Firms now store information in repositories like Zendesk for data, customer support and sales
While some lawyers were tech-savvy pre-COVID, the pandemic led to rapid growth in legal technology as it compelled the profession to automate its processes. With an upsurge in work from home and hybrid environments, AJ Shankar Everlaw founder and CEO, says the cloud-based eDiscovery and investigation platform saw soaring cloud-connected files, significant platform collaboration and a 250 per cent increase in audio-video discoverable data.
“In 2020, over 38,000 hours of audio/video files were transcribed compared to 2021 when 133,000 hours were transcribed.”
Everlaw released its 2021 review report which, revealed remote and hybrid work’s impact on audio-visual evidence, security measures and cloud solutions and uncovered eDiscovery trends the legal profession should expect in 2022.
The increase in audio-video data is unsurprising but meaningful and confirms that lawyers are communicating over videoconferences and phone calls which impacts discovery profoundly, Shankar says. This trend will increase in 2022 because people continue to work from home or other hybrid environments, he says.
In 2021, the legal profession saw an increase in cloud connectors such as Dropbox, Google Drive, and OneDrive. With lawyers getting more comfortable using the cloud as an efficient way to discover more scalable, secure and accessible data, Shankar says firms will continue to see a greater variety of eDiscovery which will lead to more intricate review periods. “Practitioners must adjust to different file types that are not always straight textual documents or emails.”
Compared to a decade ago, Shankar says law firms now store a vast amount of information in cloud repositories like Zendesk or GitHub for code, customer support responses and sales motions, and that trend continues to accelerate. “It is going to continue to increase significantly,” he says, “We’re going to see more data hosted and connecting directly from one cloud environment to the other.”
He says Everlaw has seen exponential growth because of the magnitude of people moving data to the cloud solutions, and 95 per cent of legal professionals who use the platform believe it is a feature of eDiscovery.
Shankar says that security is essential, and more alternative work arrangements and ransomware attacks motivate people to use cloud solutions. As a result, Everlaw saw heightened safety parameters and increased location whitelisting, meaning firms began limiting where people could access the platform to ensure a proper security position. Everlaw’s FedRAMP, SOC II, and ISO 27001 tools also protect businesses from cyber risk.

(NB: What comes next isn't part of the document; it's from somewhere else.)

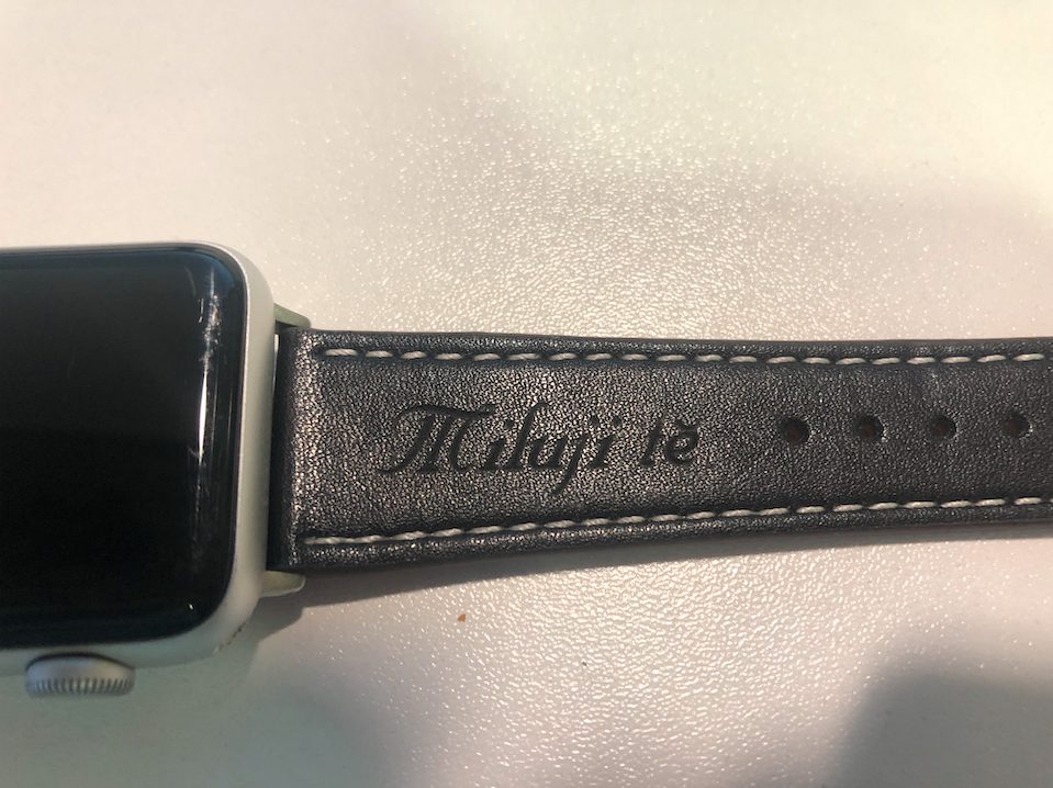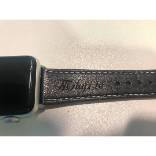eses kožený řemínek s gravírováním "Miluji tě" pro Apple Watch černý s bílým prošíváním 42mm/44mm/45mm
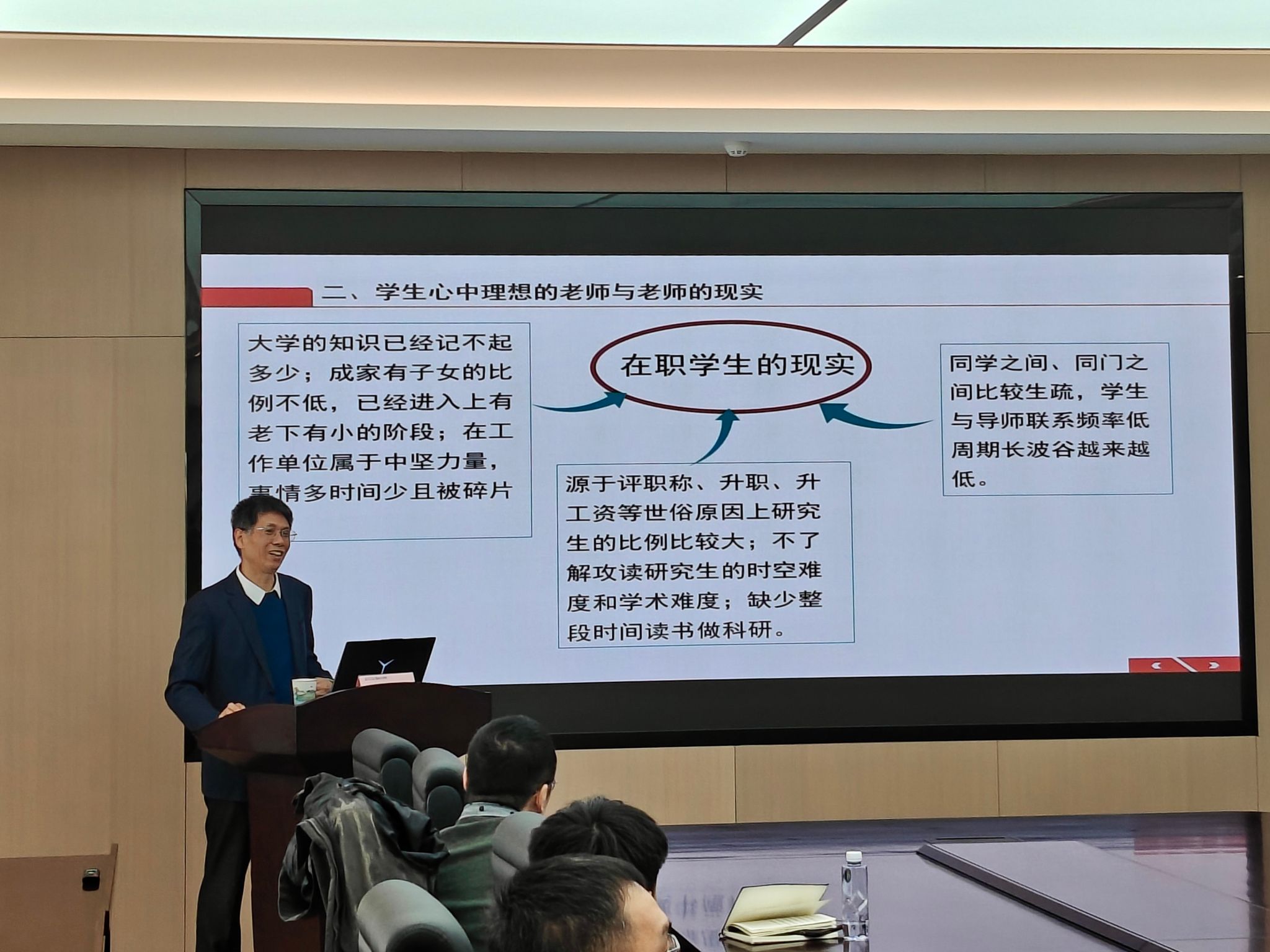 此次邀请到365官网体育马克思主义公司丁社教教授作《导师修炼之道》专题讲座。丁教授从导师理想与员工现实的差距切入,指出导师应在公司七项行为规范框架下履行"学业与人生"导师的双重责任。他提出构建"教学相长"的师生关系,倡导导师如"脚手架"般平衡学术引领与员工自主性,建立人格平等的对话关系,并在保持边界的同时提供个性化培养与情感支持。丁教授系统阐述了"五要五不要"实践原则:要舍得投入、严格治学、关心员工、保留痕迹、把握边界;不要情绪化、公私不分、侵犯权益、越俎代庖、为师不尊。他还分享了通过坦诚沟通、项目促进和时空管理等实现精细化指导的具体方法。整场讲座为导师提供了一套系统实用的"修炼"指南,对提升公司产品质量具有重要指导意义。

“It’s gratifying to see that folks are thinking about the security of their data,” Shankar says, “people are using those controls to secure the data, which is great for the industry.”
Everlaw saw a 2456 per cent average redaction increase in 2021 to protect client security and confidentiality, with 3095 in images, 632 in spreadsheets and 20 in metadata. Shankar says the platform provides automated redaction tools that increase lawyers’ ability to redact documents efficiently and recently released audio and video versions.
Remote and hybrid work also made a massive impact in platform collaboration with litigants communicating, distributing work assignments, reviewing, and sharing data, Shankar says. The pandemic accelerated unconventional job arrangements, and Everlaw saw a 35 per cent increase in messages as a demonstration of that shift.